LA SERIE «È il sogno di qualsiasi attore poter prendere parte ad un progetto con personaggi così ben scritti in una produzione così eccellente sotto tutti i punti di vista. È così raro dar vita esattamente a quello che avevi in mente. Abbiamo preso tutti parte allo stesso viaggio e in molti, guardano lo show, pensavano che vivessimo in pianta stabile a Belfast. La realtà è un’altra ovviamente: abbiamo fatto avanti e indietro, in alcuni casi siamo stati sul set per un solo giorno per poi tornare, magari, un mese dopo. E anche io, come moltissime altre persone, mi sono goduto la serie sul divano insieme alla mia famiglia. Adoro vedere le loro reazioni e ho la sensazione che Il Trono di Spade è uno di quegli show che non mi sarei mai perso come spettatore. Ho avuto la grande fortuna di farne parte».

LA STAGIONE FINALE «Sono felice che siamo arrivati alla fine della storia. E non perché volevo finisse ma perché ero curioso di sapere cosa ne sarebbe stato dei nostri personaggi. Se mi avessero detto, alla fine della settima stagione, che avevano intenzione di continuare con altri due o tre capitoli, beh sarei stato sospettoso. Abbiamo visto troppe serie tirate per le lunghe.
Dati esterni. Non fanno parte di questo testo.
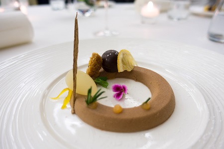 Per il dessert la mano torna al padrone di casa, Elia Russo, che propone un elegante Girotondo di cioccolato gianduia con croccante di mandorle e rosmarino, gelée al pompelmo e sfera al cioccolato con ganache di arancia rossa che viene servito in abbinamento al Ben Ryé 2011 di Donnafugata.

Penso che per fare bene qualcosa, devi essere pronto a fare sacrifici e rinunce».

TYWIN LANNISTER «Il personaggio che ho più detestato? Joffrey Baratheon, senza dubbio. Invece ho una grande ammirazione per Charles Dance e la sua interpretazione di Tywin Lannister. Il primo ricordo che ho del suo personaggio è una sequenza della prima stagione in cui si trova in una tenda con Jaime e spella un cervo mentre recita un monologo di tre pagine sul significato del loro cognome. Una cosa difficilissima che lui ha trasformato in un lavoro meraviglioso».

IL COPIONE «Ogni anno, quando ci veniva dato il copione, era molto raro che contenesse più del 60% della storia. Ma è sempre stata una gioia leggerlo. Mi sono ritrovato più volte in cucina con la sceneggiatura in mano bevendo un caffè mentre dicevo alla mia famiglia: “Non avete idea di quello che c’è scritto!”. E loro in coro mi rispondevano: “Oh per l’amore del cielo, stai zitto!”».